◆ **Work to be completed**: Although the entries contain pictures, only their text goes into the copy, set down exactly.
#### Records shown
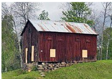
Holma sädesmagasin, Tofteryd. Byggnad med kulturhistoriska värden.

Skillingaryd skjutfält är riksintresse för försvarsmakten. Den militära övningsverksamheten som konstituerar riksintresset innebär även ljudutbredning av skottbullen utanför fältets gränser på motsvarande sätt som trafikbullen från vägar, järnvägar och flygplatser som berör områden utanför trafikanläggningar. Skyddet för riksintresset i detta fall består av att det inte tillkommer störningskänslig bebyggelse inom områden som berörs av centralt beslutade riktvärden för skottbullen, som på sikt innebär risk för begränsningar av verksamheten vid förnyad miljöprovning, s.k. påtaglig skada på riksintresset. Kommunen är skyldig att enligt plan- och bygglagen beakta risken för bullerstörningar vid provning av ansökningar om förhandsbesked och bygglov.
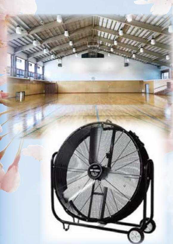
イメージ図:羽根径100cm ビッグファン

そこで・・・平成30年度中に業務用大型扇風機(羽根径100cm)を 各校3台ずつ 配備します!!夏場は熱中症対策に、それ以外の季節にはサーキュレーターとして利用できます。
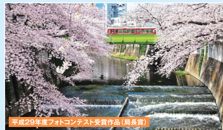
平成29年度フォトコンテスト受賞作品(局長賞)
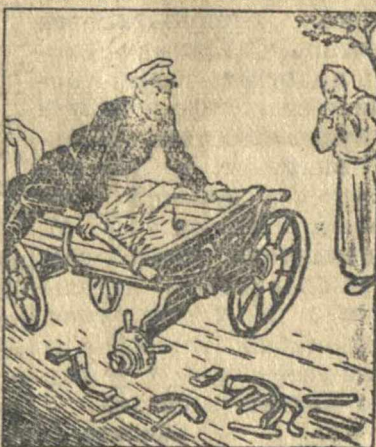
Оглянулся назад— одни спицы лежат! (Пословица)
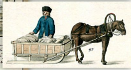
Latmuui / Latvians
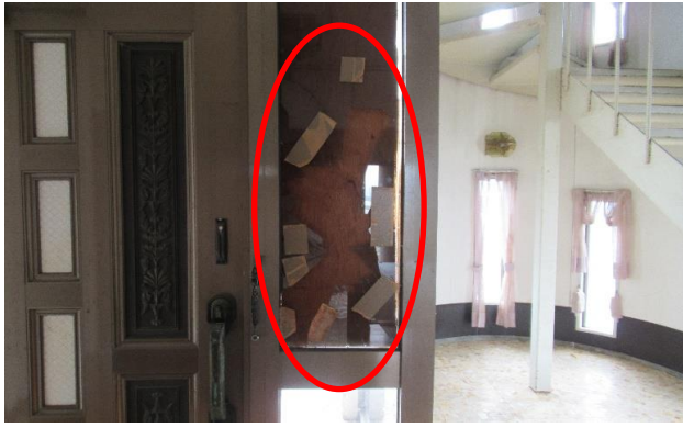
1F 玄関 ① ガラス
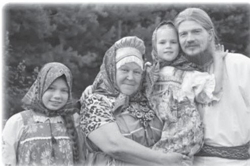
— три, четыре яблоньки, пару слив,

Порой этот вопрос (с перчинкой) возникает на просторах интернета. Имея за плечами опыт проживания в дачном посёлке и в родовом поселении, могу коротко сформулировать их основные отличия. Первое — это размер участка, в нашем поселении это до трёх и даже 8 га. Соответственно появляется возможность иметь лошадей, коз, коров (не на убой), закладывать настоящие сады, а не как на дачах
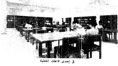
في إحدى قاعات المكتبة

وقال أن المؤسسة ستعمل على توفير مجموعة من الكتب والوثائق الإنسانية التي تساهم في إثراء البحث العلمي حول التراث الثقافي لمغربنا الإسلامية المختلفة.
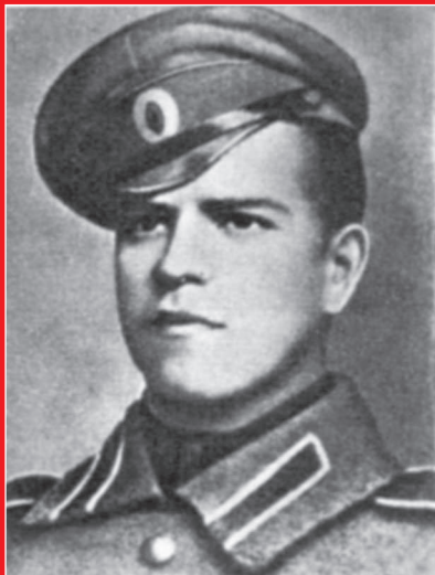
Вице-унтер-офицер Г. Жуков

мы увидим далее, при внимательном изучении событий августа — сентября 1941 г. выясняется, что глубокого предвидения не было и предложения Жукова носили локальный характер и никак не влияли на судьбу Юго-Западного фронта в целом.
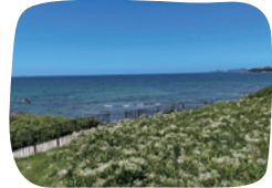
地層や海の生物を観察 できる「夏井ヶ浜」
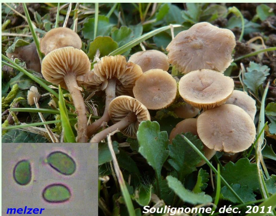
Soulignonne, déc. 2011
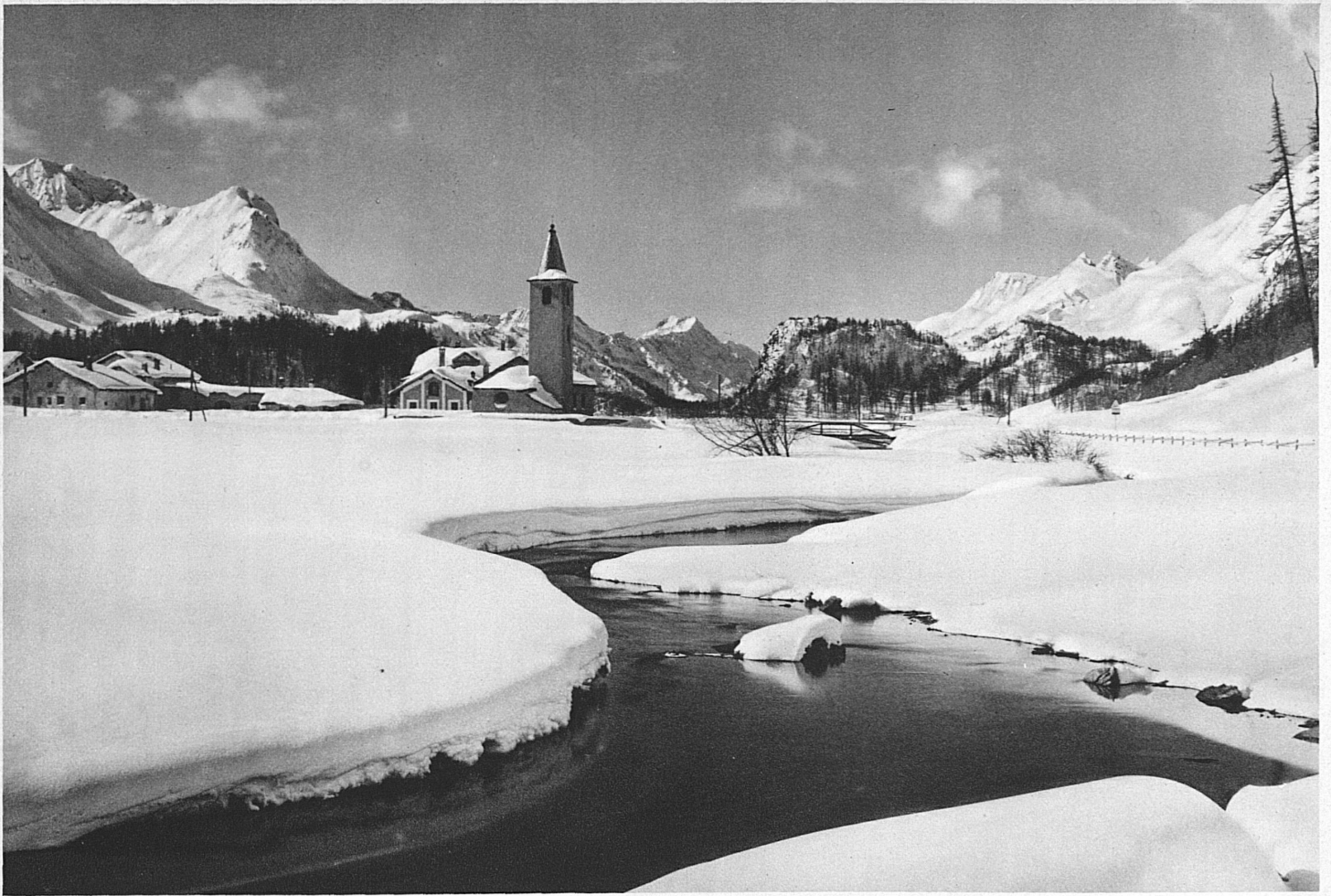
Sils-Baseglia im Oberengadin – Sils-Baseglia en Haute-Engadine
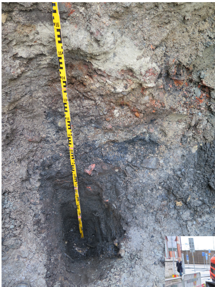
Figur 6. Ett provschakt grävdes med spade för att utreda kulturlagrets mäktighet. Kulturlagret försätter minst ytterligare 0,3 meter under schaktbotten. Mot väster.
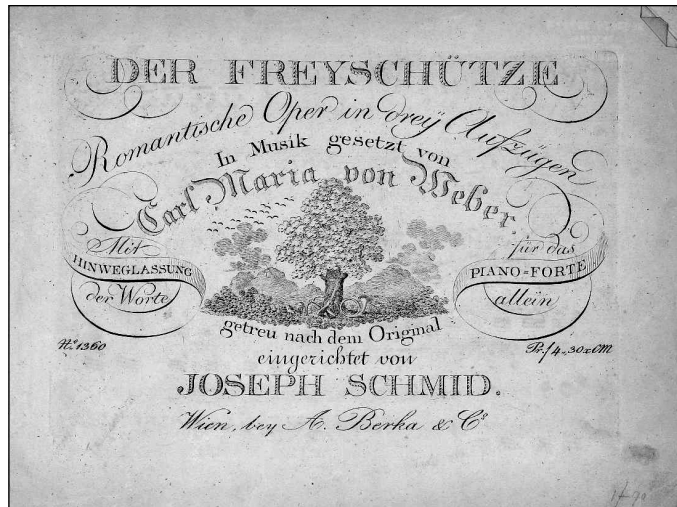
Obrázek č. 8

Hd2 Weber: Der Freyschütze
########
◆ **Reply to the exercise**:
Holma sädesmagasin, Tofteryd. Byggnad med kulturhistoriska värden.

Skillingaryd skjutfält är riksintresse för försvarsmakten. Den militära övningsverksamheten som konstituerar riksintresset innebär även ljudutbredning av skottbullen utanför fältets gränser på motsvarande sätt som trafikbullen från vägar, järnvägar och flygplatser som berör områden utanför trafikanläggningar. Skyddet för riksintresset i detta fall består av att det inte tillkommer störningskänslig bebyggelse inom områden som berörs av centralt beslutade riktvärden för skottbullen, som på sikt innebär risk för begränsningar av verksamheten vid förnyad miljöprovning, s.k. påtaglig skada på riksintresset. Kommunen är skyldig att enligt plan- och bygglagen beakta risken för bullerstörningar vid provning av ansökningar om förhandsbesked och bygglov.
イメージ図:羽根径100cm ビッグファン

そこで・・・平成30年度中に業務用大型扇風機(羽根径100cm)を 各校3台ずつ 配備します!!夏場は熱中症対策に、それ以外の季節にはサーキュレーターとして利用できます。
平成29年度フォトコンテスト受賞作品(局長賞)
Оглянулся назад— одни спицы лежат! (Пословица)
Latmuui / Latvians
1F 玄関 ① ガラス
— три, четыре яблоньки, пару слив,

Порой этот вопрос (с перчинкой) возникает на просторах интернета. Имея за плечами опыт проживания в дачном посёлке и в родовом поселении, могу коротко сформулировать их основные отличия. Первое — это размер участка, в нашем поселении это до трёх и даже 8 га. Соответственно появляется возможность иметь лошадей, коз, коров (не на убой), закладывать настоящие сады, а не как на дачах
في إحدى قاعات المكتبة

وقال أن المؤسسة ستعمل على توفير مجموعة من الكتب والوثائق الإنسانية التي تساهم في إثراء البحث العلمي حول التراث الثقافي لمغربنا الإسلامية المختلفة.
Вице-унтер-офицер Г. Жуков

мы увидим далее, при внимательном изучении событий августа — сентября 1941 г. выясняется, что глубокого предвидения не было и предложения Жукова носили локальный характер и никак не влияли на судьбу Юго-Западного фронта в целом.
地層や海の生物を観察 できる「夏井ヶ浜」
Soulignonne, déc. 2011
Sils-Baseglia im Oberengadin – Sils-Baseglia en Haute-Engadine
Figur 6. Ett provschakt grävdes med spade för att utreda kulturlagrets mäktighet. Kulturlagret försätter minst ytterligare 0,3 meter under schaktbotten. Mot väster.
Obrázek č. 8

Hd2 Weber: Der Freyschütze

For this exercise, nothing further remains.